J'essaie de mettre en place un pont semi-transparent. Je dis semi-transparent parce que je veux qu'il agisse comme un robinet transparent pour tout le trafic passant par les deux côtés du pont. Ce que je veux également, c'est que la "zone verte" soit accessible à une interface web pour le pont qui affichera tous les résultats de l'IDS et d'autres outils de surveillance du réseau. Mon exemple serait le suivant :

eth0 <--> bridge(br0) <--> eth1

L'ensemble du réseau serait sur le même sous-ensemble, mais tout ce qui vient de eth0 pour eth1 serait acceptée. La seule fois où quelque chose serait laissé tomber est si le eth0 a tenté d'accéder br0 . Si quelqu'un tente d'accéder à l'interface web sur br0 par le biais de eth1 il réussira. Mon plus gros problème, c'est que si je tente de bloquer quelque chose de eth0 a br0 cela fera tomber le pont tous ensemble.

Demandé el 11 de Avril, 2012 par Joe M

Réponses

Trop de publicités?

1voto

Tom avatar
Tom Points 720 
iptables -A INPUT -i eth0 --dport 80 -j DROP

Tout ce qui est transféré est géré par d'autres chaînes, donc si c'est à travers le pont, cela ne sera pas affecté.

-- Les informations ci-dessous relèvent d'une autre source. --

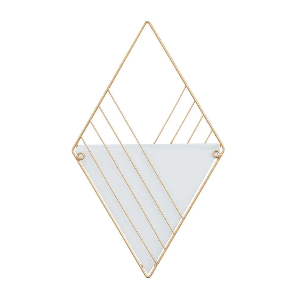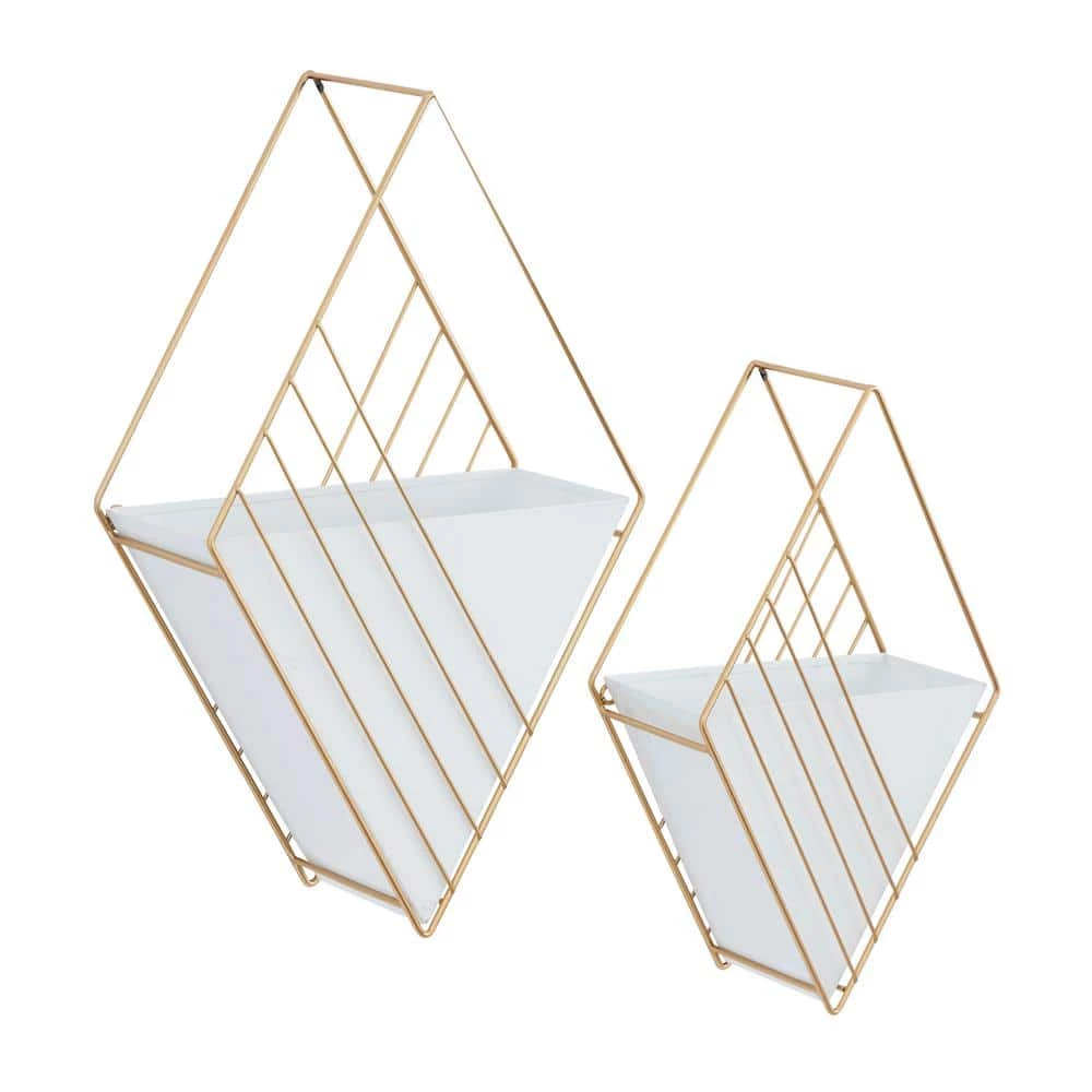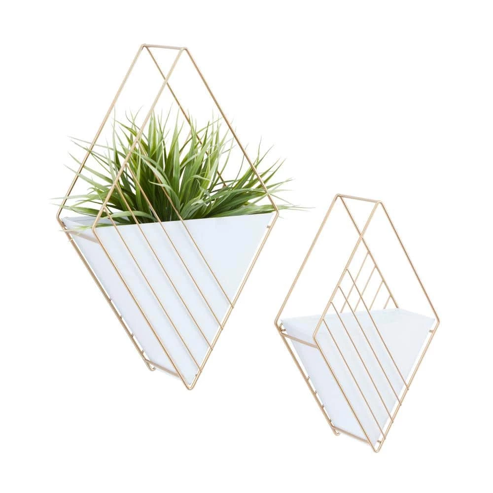 - A set of white and brassy gold metal wall planters with cone-shaped pots and diamond-shaped frames with line patterns

Ceux-ci sont gérés par la chaîne FORWARD.

Voici un bon exemple de référence .

Répondu el 11 de Avril, 2012 par Tom (720 Points )

0 votes

Avatar de Joe M

Pour faire suite à cette question, qu'est-ce que j'essaie exactement de construire à ce stade ? Ce n'est pas vraiment un pont transparent, mais selon l'endroit où vous vous trouvez, vous ne devriez pas être en mesure de le voir non plus.

Commenté el 11 de Avril, 2012 par Joe M

0 votes

Avatar de Tom

Qu'est-ce que j'essaie exactement de construire à ce stade ? Je pense que tu dois me dire celle-là. On dirait que vous voulez un pont qui a une adresse IP et qui est accessible. Il s'agit essentiellement d'un commutateur géré avec 2 ports.

Commenté el 11 de Avril, 2012 par Tom

1voto

Avinash avatar
Avinash Points 302

Donc : eth0=lan1 eth1=lan2 br0=briges both + has an IP that should be accessible by eth1 only - n'est-ce pas ?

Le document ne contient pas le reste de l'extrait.